10.05.2026 - 21:41:58 | boerse-global.de

Nokia offloads FastMile to Inseego via share swap, doubling down on AI infrastructure with Nvidia. Shares rally 144%, but valuation concerns persist.

Nokia’s Stock Surges to 16-Year High as AI-Led Pivot Gains Momentum With FastMile Sale - Foto: über boerse-global.de
Nokia’s Stock Surges to 16-Year High as AI-Led Pivot Gains Momentum With FastMile Sale - Foto: über boerse-global.de

Nokia is reshaping its business with surgical precision, offloading a legacy hardware unit while doubling down on the artificial intelligence infrastructure boom. The Finnish telecom equipment maker’s decision to sell its fixed wireless access (FWA) business — the so-called FastMile division — to US-based Inseego underscores a clear strategic shift toward higher-growth, higher-margin AI and cloud opportunities. The deal, structured partly as a share swap rather than an all-cash transaction, will hand Nokia an 11% stake in Inseego, with the transaction expected to close in the fourth quarter.

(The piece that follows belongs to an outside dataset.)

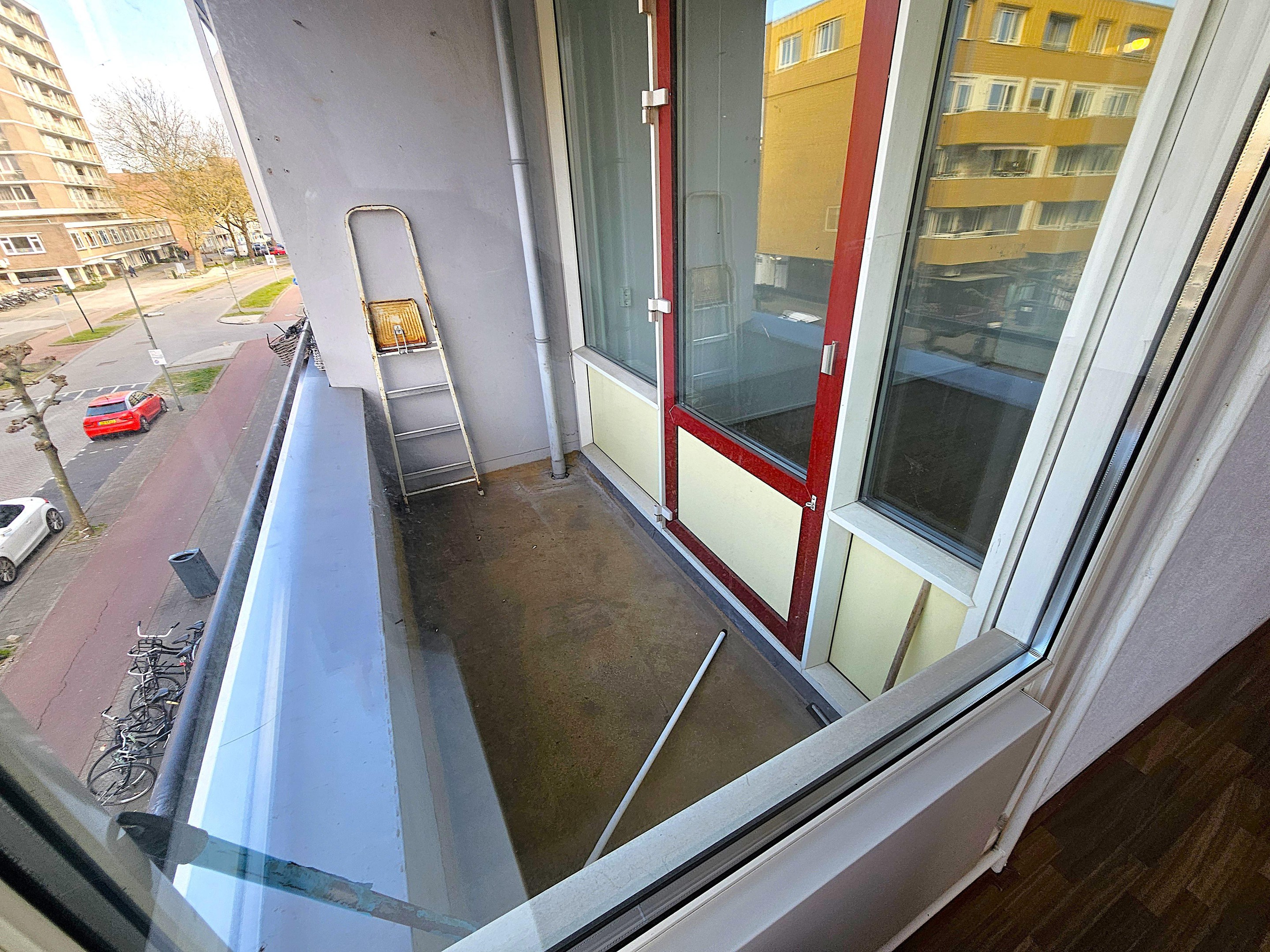 De woning beschikt over een ruime, lichte woonkamer met grote raampartijen die zorgen voor een prettige hoeveelheid daglicht. De woonkamer biedt toegang tot het balkon – een fijne plek om te ontspannen.

The move comes on the heels of a blistering rally that has lifted Nokia shares to levels not seen in 16 years. The stock closed at €10.87 on Friday, marking a 144% gain over the past twelve months and a near-doubling since the start of the year. Much of that enthusiasm traces back to Nvidia’s multi-billion-dollar investment in the company at roughly €6 per share — a stake that now sits on a paper profit of nearly 80%.

At the heart of the partnership is the integration of Nvidia’s artificial intelligence and graphics processing technology into Nokia’s 5G network portfolio. Together, the two are developing AI-RAN solutions — AI-powered mobile infrastructure designed for 5G-Advanced and future 6G standards. While the collaboration has generated considerable buzz, the financial impact remains nascent: only about 8% of Nokia’s first-quarter revenue came from its AI and cloud segment.

Yet the market backdrop could hardly be more favourable. Hyperscalers are expected to pour over $700 billion into AI infrastructure by 2026, and Nokia is positioning itself as a key supplier of the networking technology that will connect those massive data centres. The promise of that pipeline has filtered into the company’s order books. In the first quarter, sales of optical networks climbed 20%, and the firm secured billions of euros in orders from the cloud and AI sector alone.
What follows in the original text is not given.